Винки - Чейз Клиффорд (читать полностью книгу без регистрации .txt, .fb2) 📗
— Да.
— То есть вы страдаете психическим расстройством?
— Да. Видимо, да.
— Видимо, да. — Прокурор поднес пальцы к обоим вискам, будто пытаясь решить, о чем еще можно спрашивать подобного свидетеля. — Хорошо, ну, тогда, предположим, — махая руками как сумасшедший, — для подтверждения вашего аргумента, только для подтверждения вашего аргумента, что мистер Винки, подзащитный, действительно тот Винки, которого вы знали и любили, когда были маленьким. Предположим. — Он пожал плечами. — На каком основании вы сделали вывод, что он добрый медведь? Он с вами когда-нибудь разговаривал?
— Ну, как…
— Мистер Чейз, пожалуйста. Ответьте на вопрос. Он когда-нибудь разговаривал с вами? Говорил ли он вам когда-нибудь, например: «Я очень добрый медведь»?
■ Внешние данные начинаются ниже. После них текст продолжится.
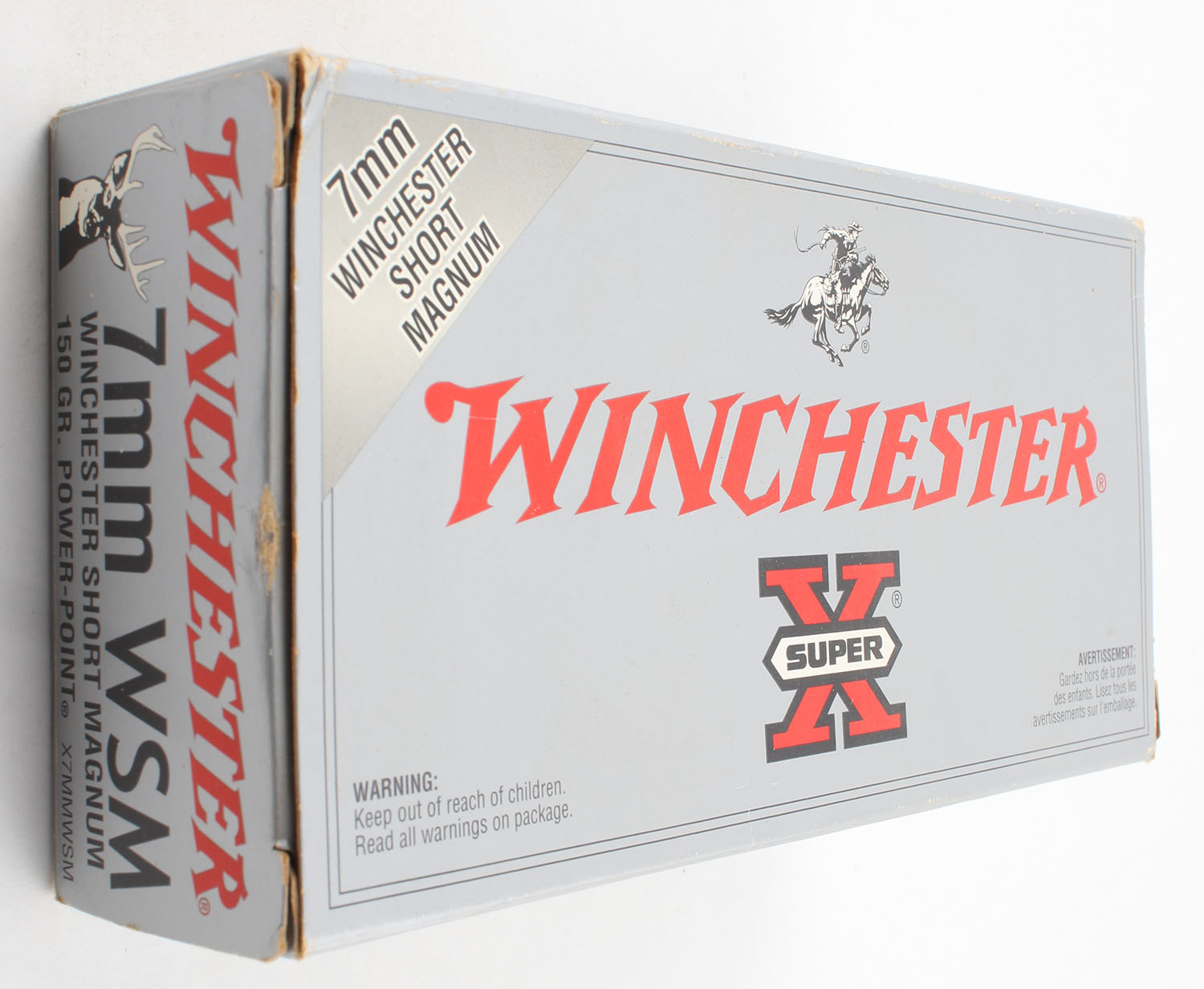 Winchester, Super-X, 7mm WSM, 150 Grain Power Point, Full, 1pc., Silver & red box, box is solid with excellent color, box has light scuffing, minor corner wear, end flaps are solid, ammo is excellent. Grade: Excellent - Value: 30 to 45
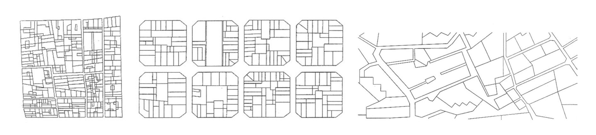 Fig. 1. Comparativa de parcelarios en tres barrios de Barcelona: Ensanche, Gràcia y Sant Ildefons. La imagen ilustra la evolución histórica y morfológica del parcelario como estructura base de la edificación residencial

— Нет, — грустно ответил Чейз.
— Что ж, тогда, возможно, вы наблюдали какие-то проявления его доброты или храбрости? Возможно, он спас вас или другого ребенка из горящего дома?
За занавесом послышались смешки.
— Нет… Но он не раз позволял мне обнимать его. И он выслушивал меня.
— Ах, выслушивал. И откуда вам это известно? Он кивал головой? Он повторял вам то, что вы сказали? Может, он говорил вам необходимые слова утешения или давал вам советы?
— Ну, нет, конечно же.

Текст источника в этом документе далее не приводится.